1 Introduction

Accurate segmentation of cardiac magnetic resonance (CMR) images is fundamental for assessing cardiac morphology and diagnosing heart conditions [10]. Manual segmentation of the anatomical structures is tedious, time-consuming and prone to subjective errors, which is not suitable for large-scale studies such as UK BiobankFootnote 1 [1]. Therefore, it is essential to develop automated, fast and accurate CMR segmentation techniques.

Recently, convolutional neural network (CNN) based methods have achieved very good performance for cardiac image segmentation in terms of both speed and accuracy [1, 2, 12]. However, they may still produce sub-optimal segmentation results in some circumstances. For example, in the Automatic Cardiac Diagnosis Challenge (ACDC) [2], the top segmentation methods (all CNN-based) achieve high overall segmentation scores for mid-ventricular short-axis slices. However, they sometimes produce poor results or even fail to locate the myocardium in basal slices (due to its more complex shape) and apical slices (due to its small size). This problem is not uncommon and has been reported in the related literature [2, 7, 15]. Methods based on 2D networks, trained in a slice-by-slice fashion, are particularly affected by this problem since they do not incorporate spatial context from neighboring SA images or long-axis (LA) views. On the other hand, 3D networks are capable of incorporating 3D spatial information to perform the segmentation task. Yet the 3D spatial context can be affected by potential inter-slice motion artefacts [13] and the low through-plane spatial resolution in cardiac SA stacks, thus limiting their segmentation performance. Compared to 2D ones, 3D networks usually contain more parameter and are prone to over-fitting especially when the training set is limited in size since they use 3D volumes rather than 2D slices as input, significantly reducing the number of training samples.

Experienced clinicians are able to assess the cardiac morphology and function from multiple standard views, using both SA and LA images to form an understanding of the cardiac anatomy. Inspired by this, we propose a method which learns the anatomical prior knowledge across four standard views and leverages this to perform segmentation on 2D SA images. The intuition behind our work is that the representation learnt from multiple standard views is beneficial for the segmentation task on the SA slices as different views should share the same representation of the 3D anatomy if they are from the same subject.

The main contributions of this paper are the following: (a) we developed a novel autoencoder architecture (Shape MAE) which learns latent representation of cardiac shapes from multiple standard views; (b) we developed a segmentation network (multi-view U-Net, adapted from [11]), which is capable of incorporating the anatomical shape priors learned from multi-view images to guide the segmentation on SA images; (c) we assessed the segmentation accuracy and the data efficiency of the proposed segmentation method against common 2D and 3D segmentation baselines by limiting the number of training images, demonstrating that the proposed method is more robust, and less dependent on the size of training data.

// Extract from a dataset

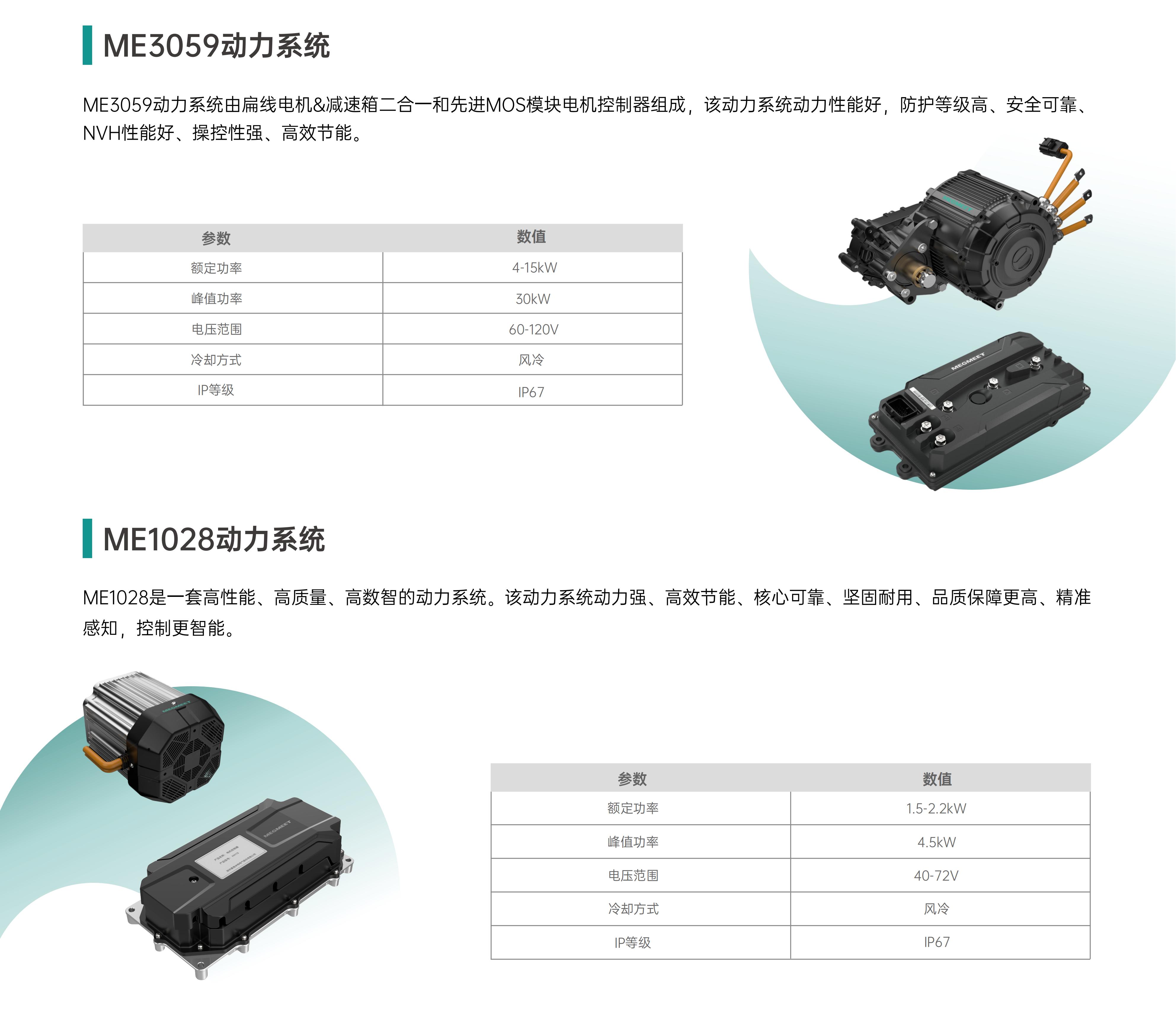 動力產(chǎn)品包括電機控制器、電機、二合一電機(電機+減速箱)、三合一動力系統(tǒng)(電機+減速箱+電控)等

Related Literature. A large number of methods have been developed to improve the robustness of the cardiac segmentation. One approach is to learn an ensemble model where the predictions of a 2D and a 3D network are combined [6]. This method is capable of producing accurate results, but has a relatively high computational cost and requires an extra post-processing step to merge the predictions from the two networks. Another approach is to incorporate cardiac anatomical prior knowledge into segmentation networks [5, 9]. In [9], the learned representation of the 3D cardiac shape is employed to constrain the segmentation model to predict anatomically plausible shapes. The main bottleneck of this method is the requirement of fully annotated 3D high-resolution CMR images which are free from inter-slice motion artefacts and have high through-plane spatial resolution. However, compared to the standard 2D imaging protocol, the 3D one requires the subjects to hold their breath for a relatively long time and therefore is often not feasible for patients with cardiovascular diseases. Instead of using 3D images, we exploit routinely acquired 2D standard views to learn the shape representation of the cardiac structures. The learned representation is then injected into a segmentation network to improve its performance on SA CMR images. Of note, the approach in [8] also injects shape priors produced from an autoencoder into a segmentation network. However, the aim of that approach is to generate multiple segmentation hypotheses for ambiguous images, and cannot be readily employed to learn shape priors from different views to enhance cardiac segmentation.

2 Methods

The proposed method consists of two novel architectures: (1) a shape-aware multi-view autoencoder (Shape MAE) which aims at learning anatomical shape priors from standard cardiac acquisition planes incl. short-axis and long-axis views and (2) a multi-view U-Net which performs cardiac short-axis image segmentation by incorporating anatomical priors learned by Shape MAE into a modified U-Net architecture.

Fig. 1.
figure 1

(a) Overview of Shape MAE. (b) Detailed architectures of each encoder and each decoder. Each rectangle represents one or a series of convolutional (Conv) or transposed convolutional (Deconv) layers where the number in the square box represents the number of filters for each layer. A ‘Res_block’ (pink rectangles) consists of two convolutional layers (\(3\times 3\)) with a residual connection which adds its input to the features from the second layer. Instance normalisation and leaky ReLU activation are applied throughout the network. A sigmoid function is applied to the latent code z to bound its range.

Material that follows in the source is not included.